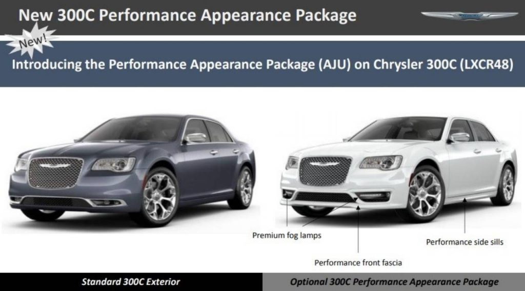 Essentially, what Chrysler is doing is expanding the availability of the Sport Appearance Package from the 300S to the 300C top-of-the-line model, changing the name into Performance Appearance Package in the process.
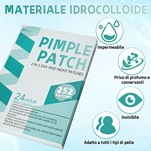 Rmolitty Cerotti Brufoli, Hydrocolloid Patch, Impermeabili e Traspiranti Patch Per l'acne, 2 in 1 Giorno e Notte Che Assorbono Le Secrezioni Cerotti Per Acne (252 pcs)
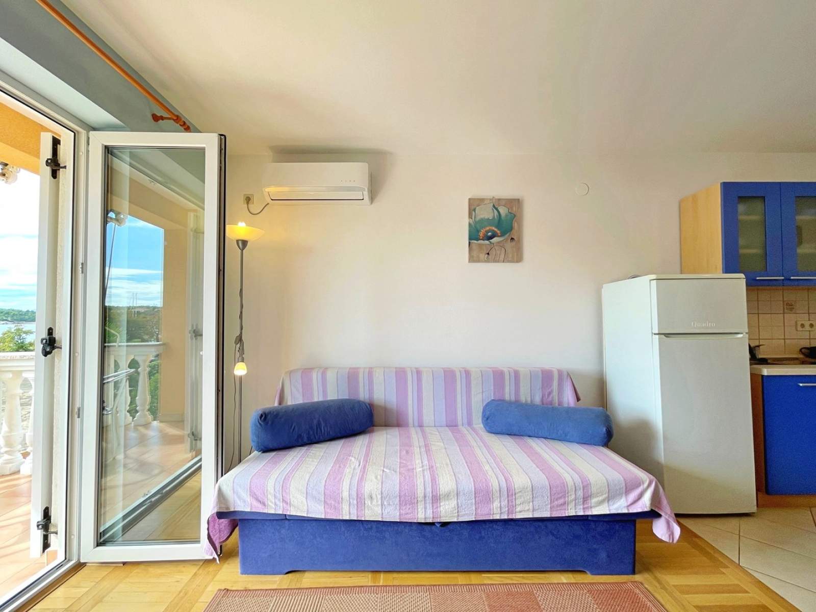 Ovaj ugodan jednosobni apartman nalazi se samo 10 metara od plaže i nudi privatni balkon (6 m2) s prekrasnim pogledom na more, plažu i mjesto. Gostima je na raspolaganju roštilj, besplatan Wi-Fi, privatno parkirno mjesto i zajednički vanjski tuš. Klima uređaj dostupan je uz nadoplatu od 7,00 EUR po noćenju. U spavaćoj sobi je udoban bračni krevet, a u dnevnom boravku se nalazi kauč na razvlačenje za još jednu osobu. Kuhinja, blagovaonica i dnevni boravak uključuju električni/plinski štednjak s 4 plamenika, hladnjak sa zamrzivačem, pećnicu, mikrovalnu pećnicu, aparat za kavu, kuhalo za vodu i toster. Dnevni dio također ima kauč na razvlačenje, SAT TV i direktan izlaz na natkriveni balkon. Svi prozori su opremljeni mrežama protiv komaraca za dodatnu udobnost. Dječji krevetić ili hranilica dostupni su na zahtjev prije dolaska (ovisno o raspoloživosti).
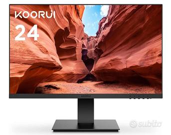 "KOORUI Monitor 24"" FULL HD, (1920 x 1080, 75 Hz, VGA, HDMI), Flicker Safe, 99% sRGB, Tempo di Risposta 5 ms, Reclinabile, Nero"

------

**Exercise brief:**
Give exactly those lines of the listing that run from its first line through the line with "Rmolitty Cerotti Brufoli, Hydrocolloid", leaving each picture out.

**Worked solution:**
 Essentially, what Chrysler is doing is expanding the availability of the Sport Appearance Package from the 300S to the 300C top-of-the-line model, changing the name into Performance Appearance Package in the process.
 Rmolitty Cerotti Brufoli, Hydrocolloid Patch, Impermeabili e Traspiranti Patch Per l'acne, 2 in 1 Giorno e Notte Che Assorbono Le Secrezioni Cerotti Per Acne (252 pcs)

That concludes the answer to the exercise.